- Directed by: Olga Narutskaya
- Written by: Nadezhda Kozhushanaya
- Starring: Valentina Malyavina Aleksandr Galibin
- Cinematography: Valeri Martynov
- Edited by: Tatyana Egorycheva
- Music by: Oleg Karavaychuk
- Release date: 1989;
- Language: Russian

= Tamara Aleksandrovna's Husband and Daughter =

1989 film

Tamara Aleksandrovna's Husband and Daughter (Муж и дочь Тамары Александровны), is a 1989 Soviet drama film directed by Olga Narutskaya, in her feature film debut.
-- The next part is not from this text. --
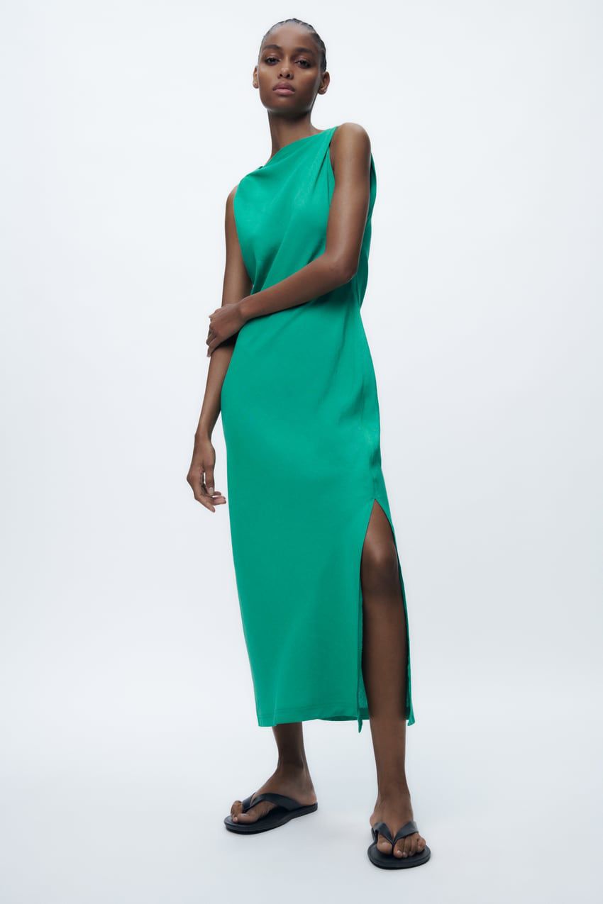 Vestido Zara Longo sem Tecido Cupro Verde Tiffany

It was entered into the main competition at the 46th edition of the Venice Film Festival.

== Cast ==
- Valentina Malyavina as Tamara Aleksandrovna
- Aleksandr Galibin as Valeriy Dyadichev
- Anna Bazhenova as Katya Dyadicheva
- Antonina Dmitrieva as Aunt Sasha
- Aleksandr Demyanenko as dyadya Slava
- Tatyana Rudina as physical education teacher
- Evgeniy Kalintsev as Fyodor Ukhov
- Galina Sokolova as Fyodor's mother
- Svetlana Yankovskaya as the gypsy
- Aleksandr Domogarov as Fyodor's classmate
- Nadezhda Kozhushanaya as the cleaner at the hospital

==Release==
The film was screened in the main competition section at the 46th edition of the Venice Film Festival.

==Reception==
A contemporary Variety review described the film as "a noisy film (both in its confused, dark images and cacophonic soundtrack) whose scenes and actors often spin out of control, drowned out in an attempted stylishness pic never achieves". La Stampas film critic Stefano Reggiani described the film as "harrowing and cruel", praising the director’s "bitter and disillusioned perspective". In a retrospective analysis, Marina Drozdova noted "the picture is made in a style untraditional for the Soviet screen: the aesthetics of ugliness. The hopeless shabbiness of everyday life is the leading character of the film".